Bee shed inspections

A brief update on how things have been progressing in the bee shed. This is my first full season keeping colonies full-time within a shed or building though I’ve successfully overwintered mini-nucs in an unheated greenhouse in the past.

Under construction ...

Under construction …

When installed at the end of last season there was almost no need to open the hives, so it’s only this Spring that the pros and cons of the bee shed have begun to be properly understood.

The colonies are completely enclosed with simple tunnels leading to exits on the East/South East face of the shed. All the colonies are housed in standard National cedar boxes or poly nucs. Other than clear perspex insulated crownboards, there is no additional insulation and the shed is not heated. The shed is situated in open parkland with woodland and arable land nearby containing good forage and there is a permanent water supply nearby.

Colony development and Varroa loads

Colonies went through the winter in single National brood boxes, fed with fondant and treated with oxalic acid by vaporisation in September (before moving them to the shed) and in midwinter. The first inspection was conducted in late March. Colonies were building up well and were significantly stronger than colonies headed by sister queens in the same apiary or in my other apiary. Between late February and early May colonies dropped only 3-4 mites in total, with Varroa boards located within pull-out trays in the hive floor. I’m sure I missed a few mites, but doubt it was very many. We’ve recently uncapped a full frame of drone brood – each cell uncapped individually – and found no Varroa present. Mite levels are therefore reassuringly low – for reasons to be discussed in a future post – with no signs of DWV-related disease.

Varroa tray ...

Varroa tray …

Since mid-April colony development has been very good and they are now on double National brood boxes with 2-3 supers. A fourth super went onto one colony on the 25th of May and the stack now nearly reaches the shed roof. A four frame nuc has been split off one colony already to cool it down a little. Quite a bit of developing brood has also been harvested at weekly intervals for our research, usually by simply cutting a big slab out of the middle of a frame. This has probably also held the colonies back a bit and it’s only now I’m starting to plan for swarm prevention/control.

Inspections

Inspections have been easier than expected. These colonies are headed by queens with reasonable genetics (Heinz queens – local mongrels of 57 varieties, reared by me in 2015). The bees are steady on the comb and tend not to fly up at you when the crownboard is lifted. They’re nothing particularly special, but would be considered reasonably placid and non-aggressive.

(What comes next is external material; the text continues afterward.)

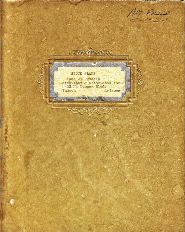 Purchased at the estate sale of Art Rader, who worked for the Lusk Corporation and was the original architect of the Indian Ridge development, was some of his tools along with a book titled "Stock Plans" which contains over 200 original blueprints of "Distinctive Plans for Western Homes" designed by Anne J. Rysdale.

The colony is gently smoked from outside the shed (through the entrance tunnel) and a small amount is wafted under the crownboard or between the QE and the bottom super. After allowing them to settle the supers and crownboard are removed and placed outside on an overturned roof. The queen excluder and adherent bees are also left standing outside (unless it’s cold when the bees are shaken off into the open hive).

Inspecting the colony is straightforward. Any frames removed to make space are rested on the hive stand. Double brooded colonies are split into two, with one box stood aside on an eke on the roof of an adjacent hive roof. Inevitably, the queenless half of the split tends to get tetchy within a few minutes, so it’s best to deal with them first. When frames need to be shaken free of bees this can be done either over the open hive or, better still, directly into a gap between the frames. If done outside many of the nurse bees on the frame fail to get back to the hive (they’ve probably not been on orientation flights yet).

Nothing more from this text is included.